* **What you have to do**: Your answer must be the exact lines of the listing below that run from the line with "Superminis Baby Girls" to the line with "Using the Bernoulli", ends included, and no pictures.

* **The data**:
^^^^^^^^

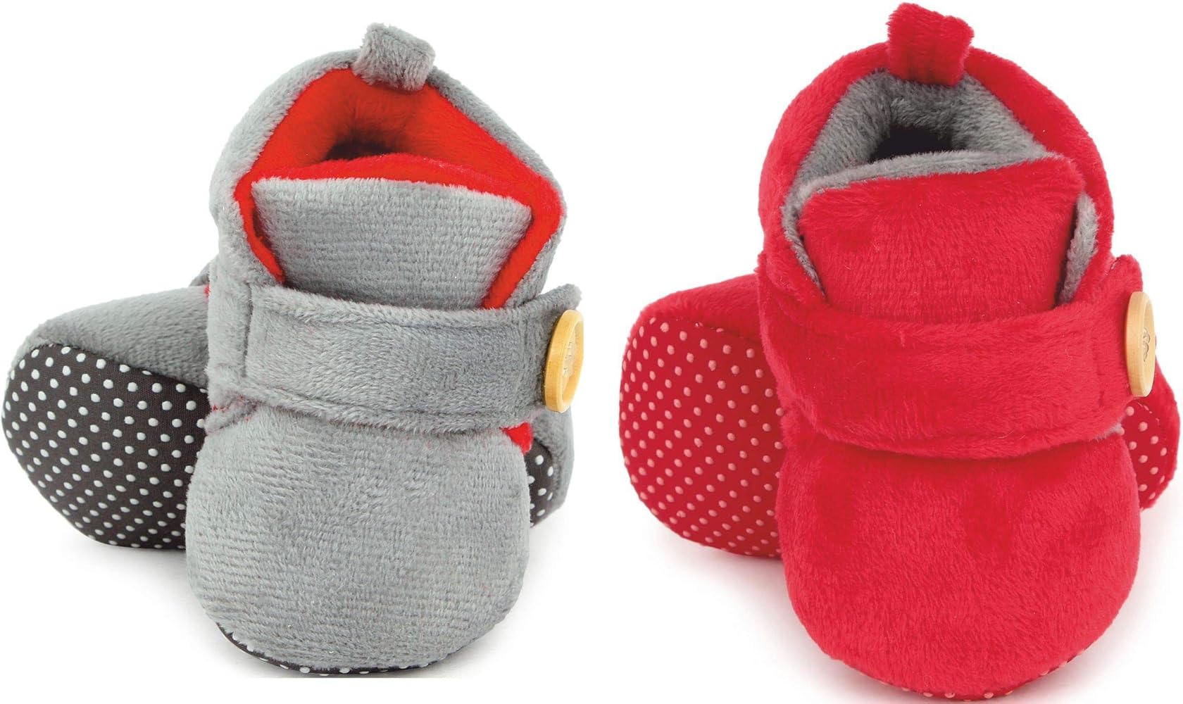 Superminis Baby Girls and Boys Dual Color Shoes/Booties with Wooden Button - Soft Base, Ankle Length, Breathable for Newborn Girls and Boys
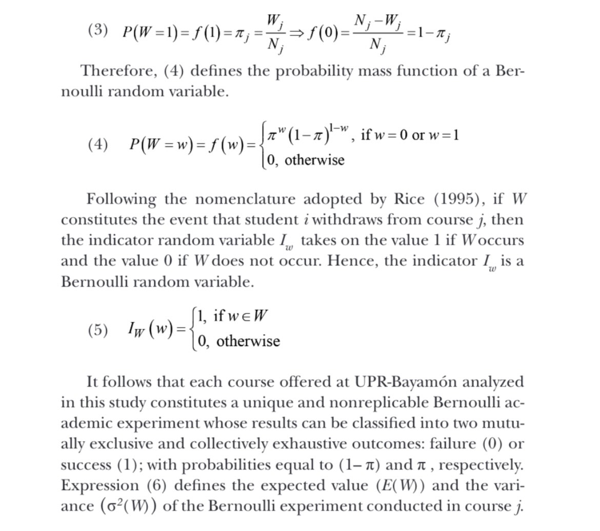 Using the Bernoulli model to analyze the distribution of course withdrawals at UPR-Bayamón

^^^^^^^^

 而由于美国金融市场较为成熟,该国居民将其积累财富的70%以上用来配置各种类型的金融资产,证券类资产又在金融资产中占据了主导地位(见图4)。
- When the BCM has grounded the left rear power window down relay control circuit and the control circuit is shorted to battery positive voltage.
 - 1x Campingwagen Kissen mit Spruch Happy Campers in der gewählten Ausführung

^^^^^^^^

* **Task output**:
 Superminis Baby Girls and Boys Dual Color Shoes/Booties with Wooden Button - Soft Base, Ankle Length, Breathable for Newborn Girls and Boys
 Using the Bernoulli model to analyze the distribution of course withdrawals at UPR-Bayamón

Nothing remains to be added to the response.